Perhaps the way forward for the Linux desktop isn't to unify desktop environments, but to fragment individual DEs further?

As in, tools and frameworks within a DE should be split off into entirely separate projects with their own branding, and exposed to the wider community.

Linux's greatest strength is its fragmentation imo. We have the base for a remarkably modular system. That modularity just needs to be standardised, so that functionality that needs to be exposed to other applications is exposed in the same way. It doesn't really matter how functionality is implemented in different DEs so long as its output to third-party applications is the same.

If there's a strong commitment to 'upstream-first', and core frameworks are made standalone to be shared with the wider community, then it seems to me that it doesn't really matter if we have different desktops with their own interfaces, so long as developers of higher-level applications don't need to worry about writing different code to work with the different interfaces.

Standardisation is great in the sense that if different environments follow the same standards, then other developers can work with those environments much more easily. You don't need a common environment to achieve that though; you just need common standards.

    There are only 2 main groups of DE the GTK-based and the Qt-based.
    GTK wouldn't exist without Gnome and Qt-based DE wouldn't have any visibility without KDE.

    Professional world will most likely use one of these two now that Unity is dead. That's not exactly what can be called fragmentation.

    Others DE are mainly popular on the (home) desktop segment and a few others niche markets.
    The market share of linux desktop is around 2% for years. Do anyone really believe that if there was only 1 desktop environment this porcentage would significatly increase ?

    TIP: Few years ago people were saying linux desktop wasn't popular because it lacks good games. Nowadays we have Steam/Lutris/GOG/Humble Bundles/itch.io, ... still the linux DE market share hasn't evolved much.

    Because no one is pushing them to install Linux and there are no big companies behind it (well relatively speaking), so the average person has little knowledge of what Linux is (or isn't). They aren't even aware that in the embedded devices in many of their homes/phones, they're using Linux.

      dbarron What's your definition of a big company ? What do you call companies like Red Hat or Canonical for example ?

      Mid sized companies, certainly not in the league of Microsoft, Google, Apple, etc. Most average people in the States (and probably world wide), would show no recognition of those names (RH and Canonical).

      As someone who has worked in the IT industry for 20 years. I can tell you the year of the Linux desktop is never happening. An it has nothing to do with fragmentation or companies pushing it. The majority of people don't even know what a operating system is. That Linux exists, hell many don't even know what Windows is, seriously.... They have a computer they turn on and look at porn... That's it.

      I've worked at a company that pushed to move people to openoffice to save a heap of money. They abandoned the plans when employees who's only skill is typing at 80+WPM complained, despite being offered on site training with full pay. For software a 12 year old should be able to figure out.

      I did freelance work for a company back when people used to actually get photos developed that was paying Adobe thousands of dollars so some people in the office could do red eye reduction on school photos. Oh and who was contractually obligated to pay to upgrade to the latest version of the software when it was released regardless of if they needed those new features or not.

      You get people who make shitty youtube videos who tell you, you can't be a true professional and use kdenlive. That Windows is for gamers, Linux for nerds who don't do anything creative and macs are for professionals.

      Ohh an why does any of this matter, we're in the post-pc era remember. roflmfao...

        Harvey, I've been waiting for the year of Linux on the Desktop since at least 2010. But I don't disagree with you, I think it's simply wistful thinking on my part. However, the internet of things is most definitely linux and linux based, which is a major achievement.

        I am not touching this topic - - - no no no ! ! !

        I will leave this as food for thought, if you will. There is some good reads here, Harvey that is good haha porn.
        Humor me for a second if you shall.
        There was people who said we could not sail the seas and discover new lands.
        There was people who said trains would never catch on it was a fade.
        There was people who said those same things of cars, going to space, landing on the moon, the list goes on.

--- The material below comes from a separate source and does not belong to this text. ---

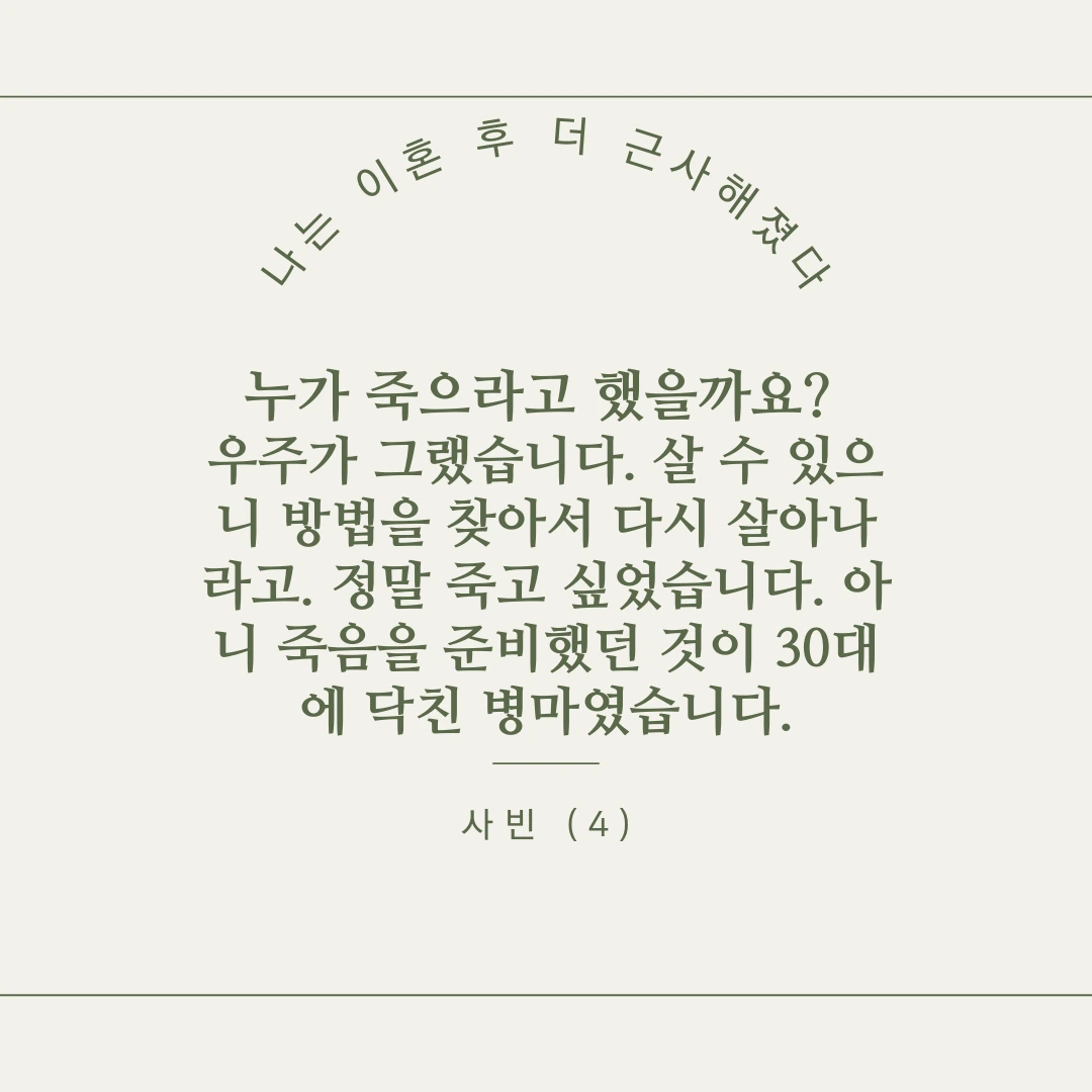 20대, 6개월 투병 끝에 찾아온 고요함이었어요.

        That is the great thing about humans - for every person or group that says something is impossible there is a group opposite that mindset that will step up and say well watch this.

        the multiple DEs aren't the problem IMO, but the fragmented bases... i hopped between many distros until I got to Solus, some were too outdated, the others were too bleeding edge which made them both unstable for even basic tasks . Solus kinda perfected the orchestration between latest and stable. Which is the most sane choice until now.. but it all boils down to subjectivity here. And the fragmentation of the Linux Desktop was always a double edged sword

        Further to Harvey's point on normies( 😛 ), I think the only way any Linux distro will become truly mainstream is if it's adopted by hardware developers. The average user doesn't know how to install a different operating system on their device, so often the only way to convince people to adopt a new operating system is to have it already preinstalled on the device they're using.

        That's all very unlikely though, unless a large business decides to take up the mission. Microsoft can just keep giving hardware developers new incentives to release their devices with Windows preinstalled.

        Cause Harvey is right. A surprising amount of people don't even know how to install new software on Windows itself, nevermind installing a different operating system.

        Of course, we can hope that the next generation growing up with 21st century tech might put in the effort to learn how it works. A bit of healthy scepticism considering that apparently some parents recently haven't even toilet-trained their kids according to an article today, but there is hope.

        On that note though; perhaps if and when education improves, people's willingness to adopt new software may also improve. Of course, the way our UK education system at least is heading at the moment, education seems to be degrading rather than improving, but eh, we can dream of a resurgence.

        Digressing, but...imo education has actually gone far downhill in my area than what it was when I grew up (40 years or so ago). The darn 'No kid left behind' is absurd. You drag smart kids down and make them bored. They are the hopes of the future (or you would think). Of course, the fact that teachers make less than workers at McDonalds...is rather worrisome too. Oh, and I'm in the US, which is sadly less than it once was (or maybe I'm just more aware now).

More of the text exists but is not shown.